Towards an Iconography of Colour in the Twelfth Century

First Temptation of Christ.  Glass from Troyes Cathedral c1179-80.  V&A Images

Tuesday 19 November 2013, 5.30PM

A strong interest in the materials and colours of the Tabernacle, as described in the book of Exodus, is reflected in the writings of Jerome, Bede and other commentators of the early medieval period. Evidence indicates that in the twelfth century such texts were avidly collected in important English monastic houses such as St Albans, Bury St Edmunds and at Canterbury. In Europe the importance given to Biblical descriptions of the Tabernacle is revealed in the words of writers such as the artist-monk Theophilus, Bernard of Clairvaux and Hugh of St Victor. Towards the end of the century Lothar of Segni, the future Pope Innocent III, discussed the significance of the colours to be worn by the clergy of the Roman Church, relying mainly on the interpretations of colours made by earlier writers.

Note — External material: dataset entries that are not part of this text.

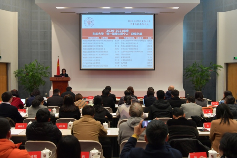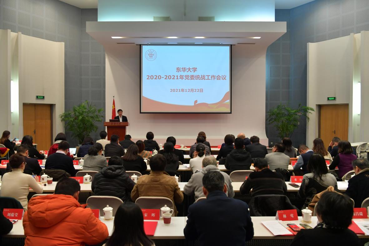12月22日,学校党委召开2020-2021年统战工作会议,回顾总结两年来统一战线工作成绩并部署下阶段重点任务,强调要以习近平新时代中国特色社会主义思想为指导,深入学习贯彻《中国共产党统一战线工作条例》,进一步加强党的集中领导,围绕“凝心集智聚力”目标,传承、创新、突破,努力开创新时代统战工作新局面。校长俞建勇,党委副书记刘淑慧、崔运花,副校长邱高、李炜,党委常委、宣传部部长任晓杰出席会议。会议由党委常委、统战部部长朱英主持。
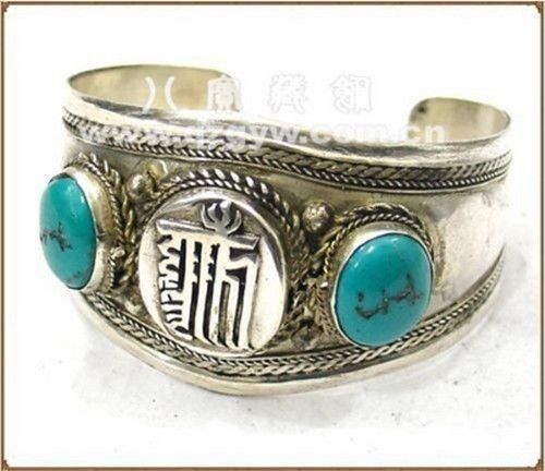 Huge Tibetan 2 Big Turquoise Gemstone Delicately Carved Kalachakra Cuff Bracelet
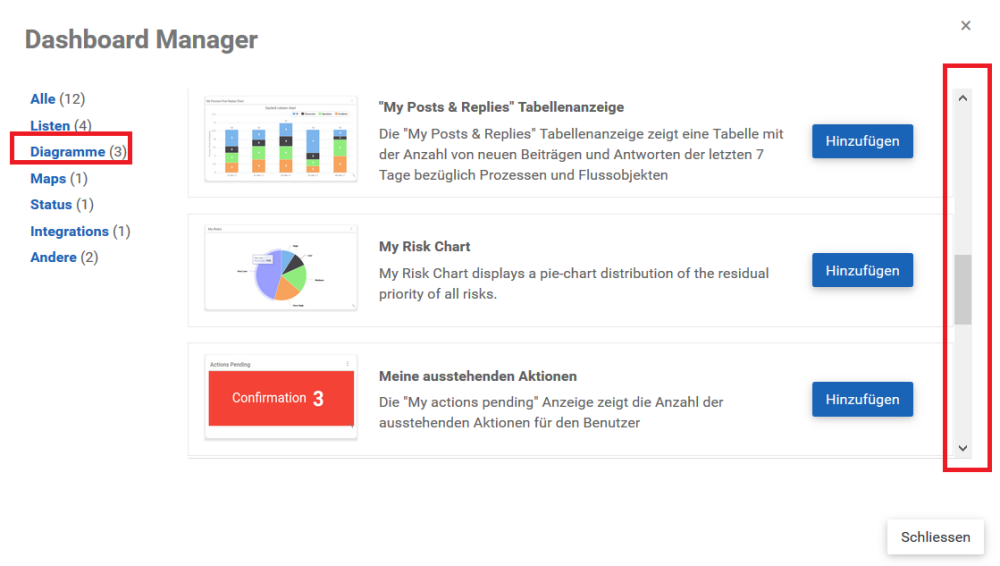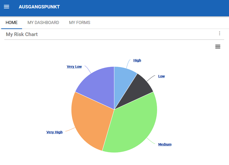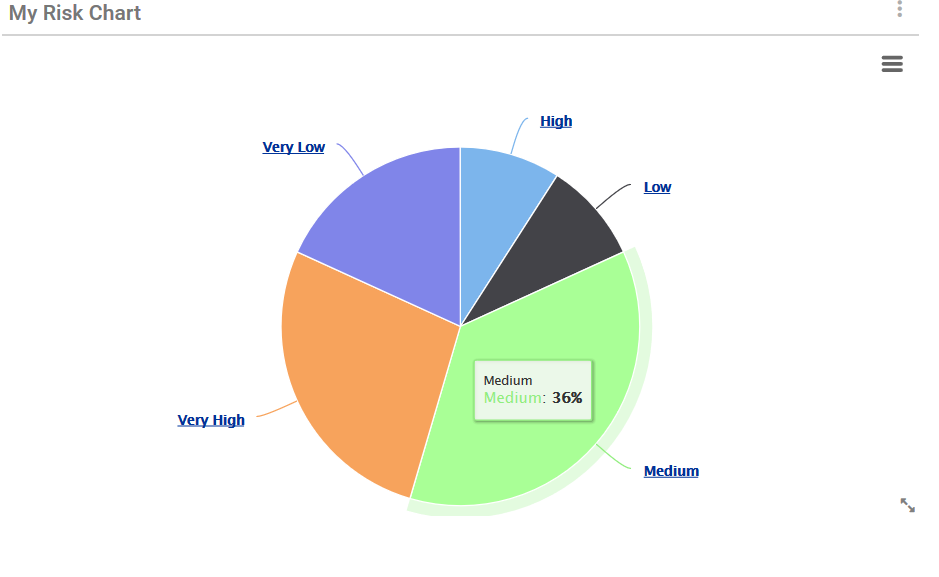 Das Widget My Risk Chart bietet einen großen Mehrwert, wenn Benutzer verantwortlich sind oder an risikoreiche Aufgaben und Prozesse gebunden sind. Durch das Hinzufügen des Widgets My Risk Chart zu ihrem Dashboard haben Benutzer Zugriff auf eine Tortendistribution. Es zeigt die Restpriorität aller Risiken nach Kategorien an. Jede Kategorie kann angeklickt werden, um auf spezifischere Details zuzugreifen.

The extensive interpretative analysis of the meanings of materials and colours provided by such texts assisted readers in understanding the Scriptures. However, less apparent is how this exegesis influenced the use of colours by artists and their advisors during the twelfth century. This seminar attempts to clarify the relationship between the long established textual iconography of colour and the rich visual language employed by artists and craftsmen in manuscript illumination and church decoration during this period.